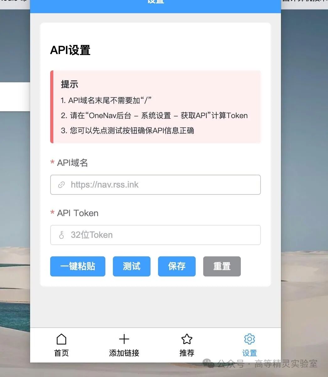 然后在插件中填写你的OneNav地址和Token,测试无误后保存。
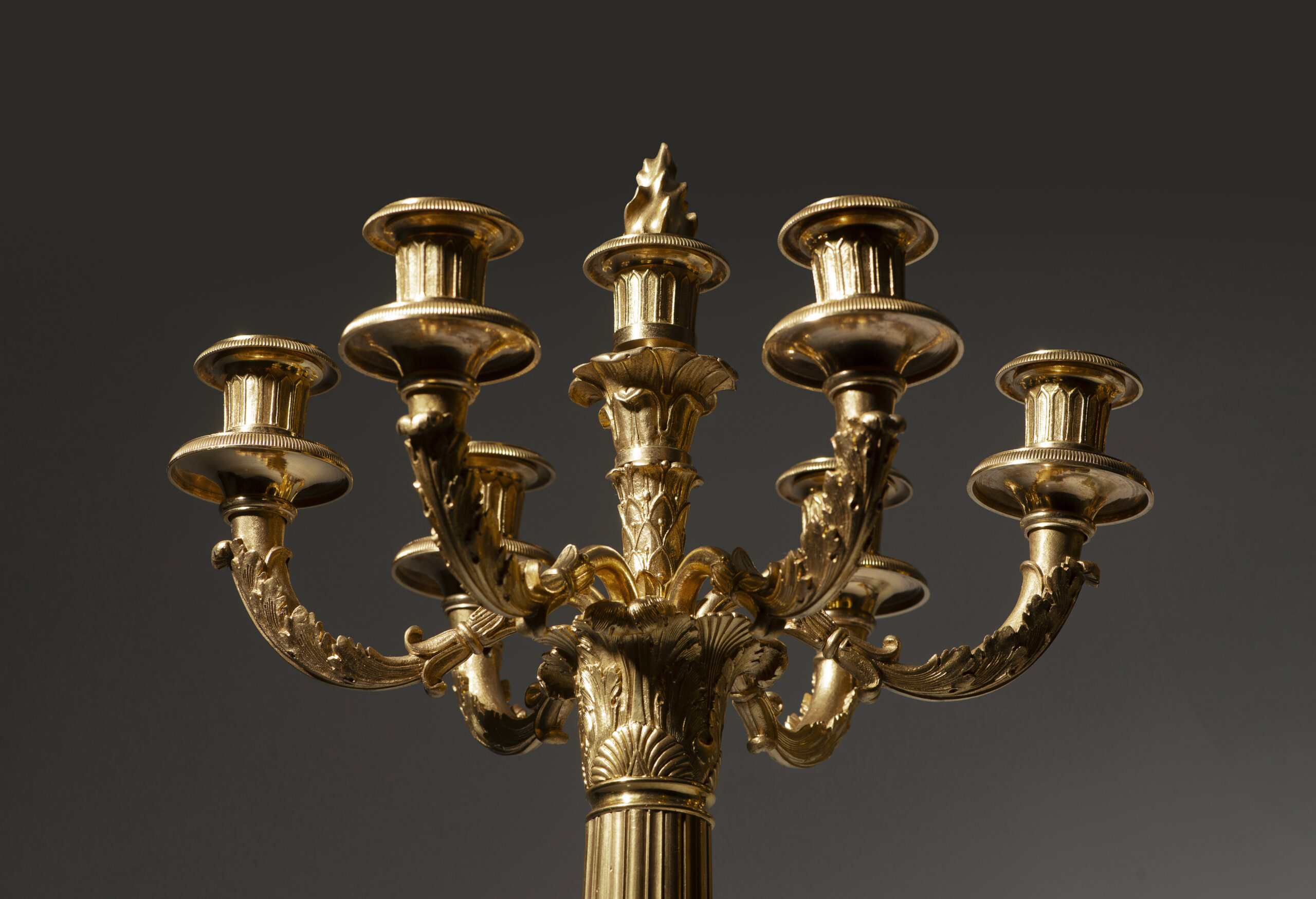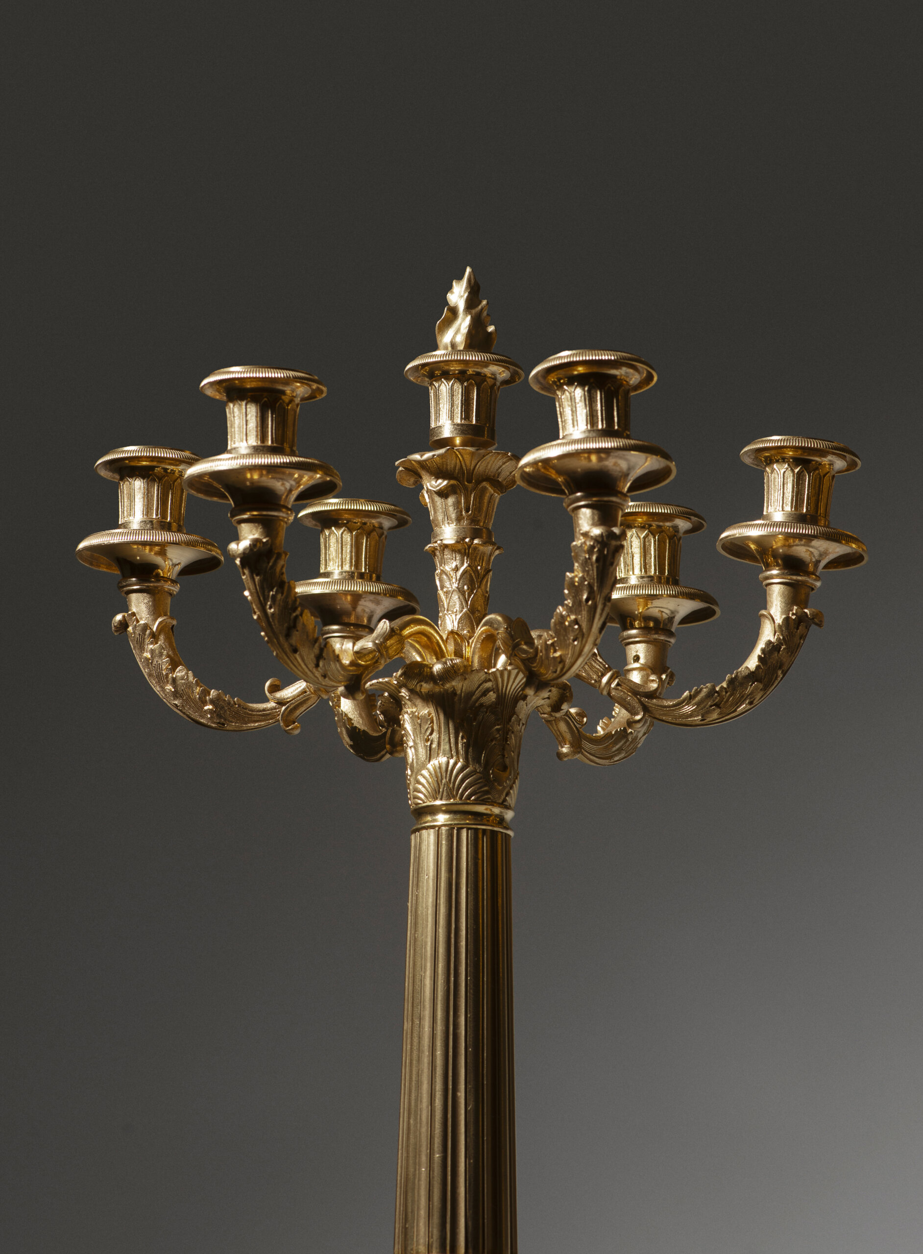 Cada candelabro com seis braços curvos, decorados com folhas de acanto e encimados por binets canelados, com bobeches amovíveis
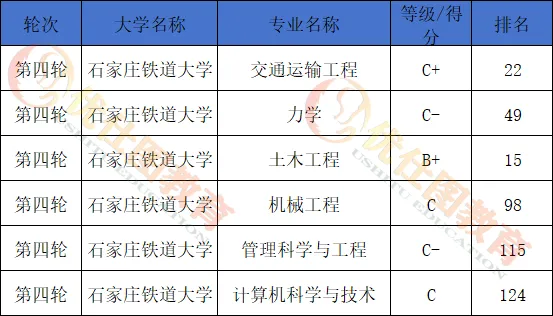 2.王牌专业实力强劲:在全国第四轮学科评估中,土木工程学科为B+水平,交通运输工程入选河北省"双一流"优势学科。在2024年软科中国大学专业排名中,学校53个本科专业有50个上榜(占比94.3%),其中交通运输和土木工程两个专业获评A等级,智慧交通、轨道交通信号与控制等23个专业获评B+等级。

○ ○ ○ ○ ○ ○ ○

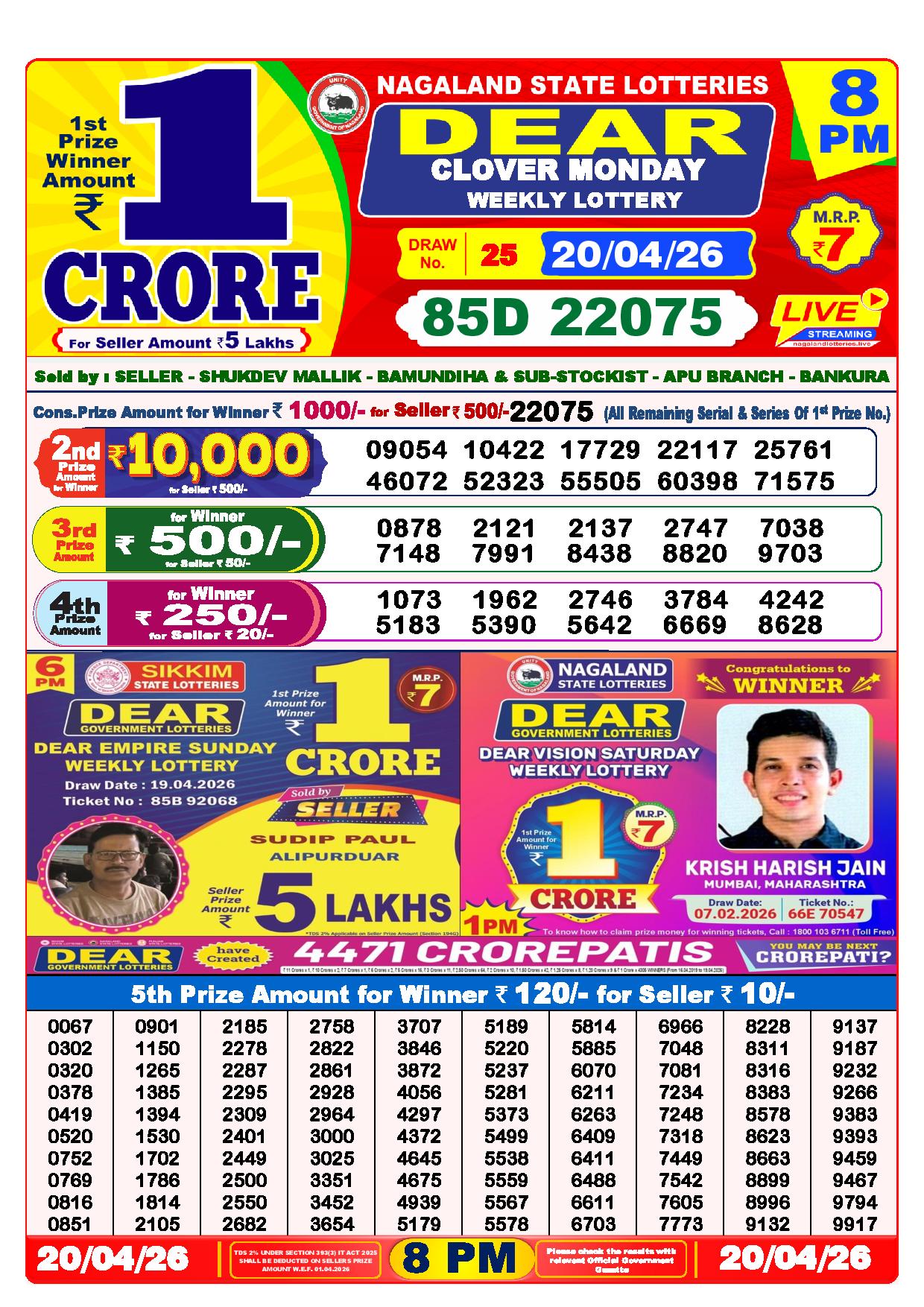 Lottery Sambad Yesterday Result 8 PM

○ ○ ○ ○ ○ ○ ○

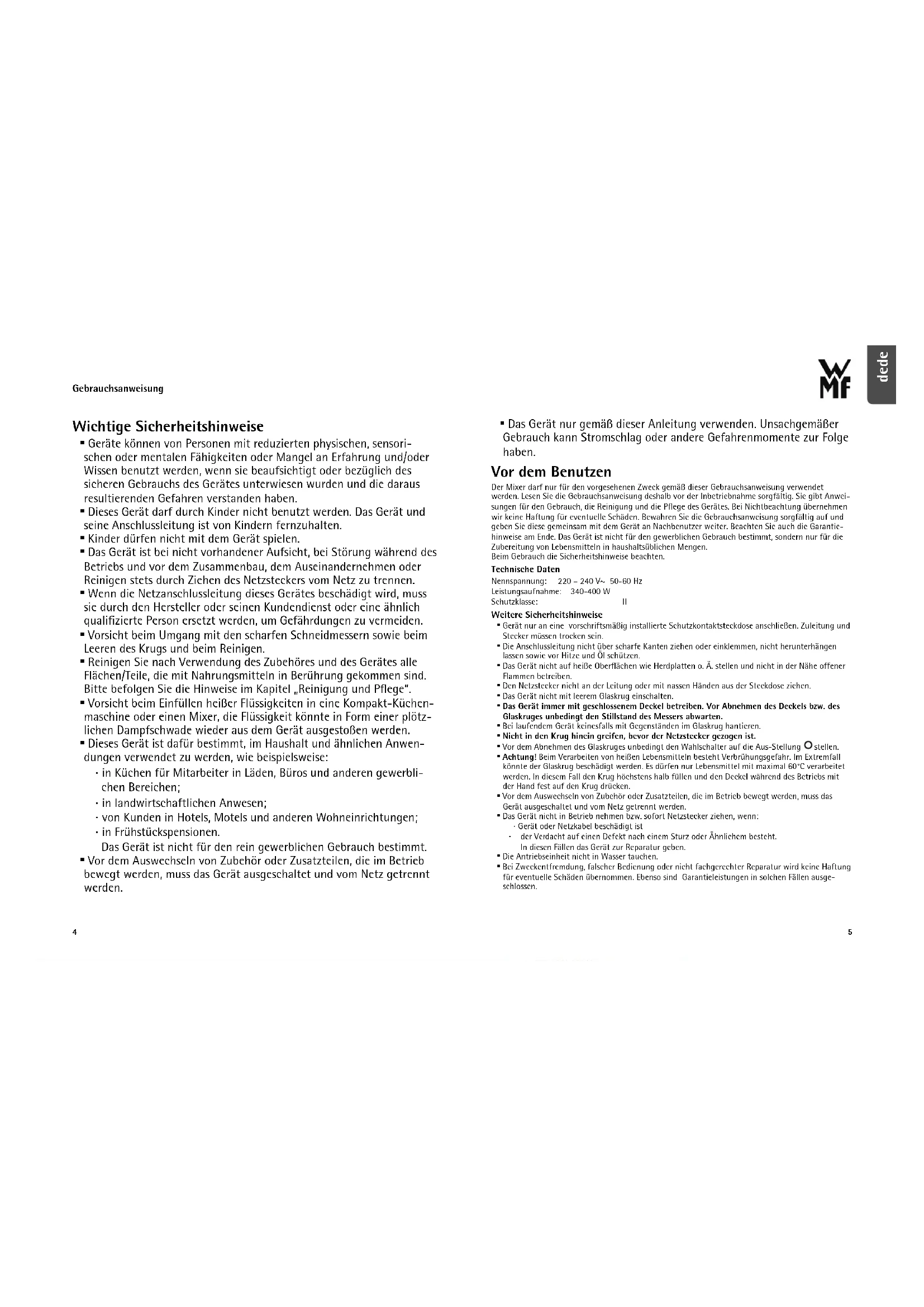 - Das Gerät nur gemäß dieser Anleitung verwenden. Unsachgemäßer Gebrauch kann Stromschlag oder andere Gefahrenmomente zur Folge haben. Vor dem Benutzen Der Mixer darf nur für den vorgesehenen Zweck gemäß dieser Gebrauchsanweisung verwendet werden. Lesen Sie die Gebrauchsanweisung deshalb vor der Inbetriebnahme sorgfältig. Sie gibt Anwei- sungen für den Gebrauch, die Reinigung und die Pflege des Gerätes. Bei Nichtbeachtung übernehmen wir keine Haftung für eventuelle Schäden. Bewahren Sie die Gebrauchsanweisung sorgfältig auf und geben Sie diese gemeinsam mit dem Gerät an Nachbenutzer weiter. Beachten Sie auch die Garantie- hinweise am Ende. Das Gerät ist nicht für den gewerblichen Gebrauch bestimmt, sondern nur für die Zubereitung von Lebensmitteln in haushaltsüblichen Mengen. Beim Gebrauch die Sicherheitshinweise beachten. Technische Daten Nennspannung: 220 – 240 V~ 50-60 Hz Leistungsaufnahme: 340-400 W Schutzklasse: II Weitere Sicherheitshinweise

○ ○ ○ ○ ○ ○ ○

EXERCISE OBJECTIVE » Transcribe the lines above exactly, beginning at the one with "然后在插件中填写你的OneNav地址和Token,测试无误后保存。" and ending at the one with "2.王牌专业实力强劲:在全国". Include both; exclude the pictures.

EXERCISE SOLUTION »
 然后在插件中填写你的OneNav地址和Token,测试无误后保存。
 Cada candelabro com seis braços curvos, decorados com folhas de acanto e encimados por binets canelados, com bobeches amovíveis
 2.王牌专业实力强劲:在全国第四轮学科评估中,土木工程学科为B+水平,交通运输工程入选河北省"双一流"优势学科。在2024年软科中国大学专业排名中,学校53个本科专业有50个上榜(占比94.3%),其中交通运输和土木工程两个专业获评A等级,智慧交通、轨道交通信号与控制等23个专业获评B+等级。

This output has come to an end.